Lakeside children have an interesting perspective on the world that is very different from that of children north of the border. When the teacher in our northern classrooms told us to take a piece of paper and draw a picture of our home or our town, we immediately laid out the paper horizontally on our desks, and drew a straight line from left to right, exactly in the middle. Above the line we dropped a small pale sun and a puffy cloud or two into the big blue sky. Below the line there was plenty of space for roads, rivers, hills, trees, pets and families. Of course there were variations on that theme. The “country kids” drew fields and tractors. Some of the boys steeped in WWII lore threw in a battlefield with airplanes – bombers – sending their cargo onto the land below. Others, mostly girls, probably drew rectangular houses with curtains pulled back in the windows, apple trees with swings, rows of flowers along the foundation and a winding sidewalk out toward the street.
It never occurred to us that we might express our world vertically. In fact, I’m sure that such a strange perspective would have perplexed and disconcerted, our do-it-the-right-way teachers.

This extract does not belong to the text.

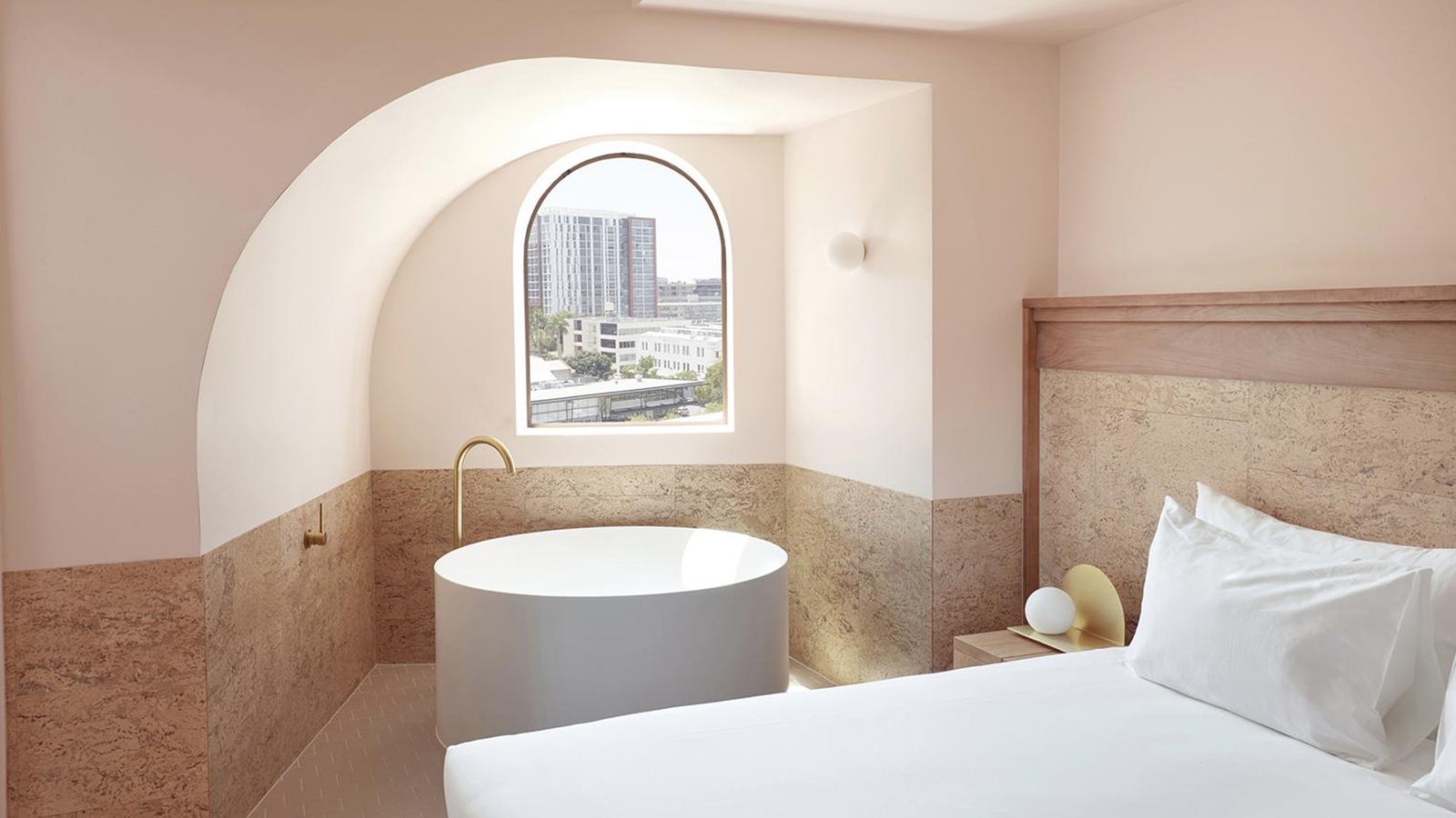 There are 175 rooms, with views of the city or the pool, and some encompass private balconies and separate living areas. Décor pays homage to 1950s Miami, and airy spaces are enhanced with partially cork-panelled walls, marble flooring, and oak features. Deep, circle-shaped baths, with brass taps, sit in the middle of the rooms, or by the windows, offering dreamy vistas over the treetops.

When local children are drawing a home-themed picture, they instinctively give the paper a quarter turn into the vertical position. Clear up at the tippy top of the page, they draw a jagged line to represent the peaks of the mountains that form the backdrop of their world. Peeking from behind a mountain or two is an enormous, deliriously happy sun. Clear down at the bottom of the sheet of paper, is the calm blue water of Lake Chapala filled with dozens of carefully drawn fish and a row boat of fishermen and nets. Between the mountains and the lake, just as in the perspective of their real life are the tall narrow houses, a church with a cross on top, a few trees and maybe a horse or burro or two.
Admittedly it’s a strange and new perspective – to us. Yet, the drawings of both sets of children represent what they know. One isn’t right, the other isn’t wrong. They just are.
It seems that perhaps these drawings, filled with what kids know, are good examples of many of the cultural differences we notice. The way of those born here isn’t necessarily totally right; the way of those who chose to live here isn’t always completely wrong. They both just are, and are as similar as a quick turn of a sheet of paper in order to have room for tall, broccoli-green mountains and the giant sun, or the wide, wide expanse of the land and sky.
Out of the mouths of babes, indeed. Maybe we need to spend less time complaining and more time talking to the small set. It seems as if children everywhere have truths to share and that they are telling us is that we are more alike than we are different, if we’ll just stop and take time to understand their perspective.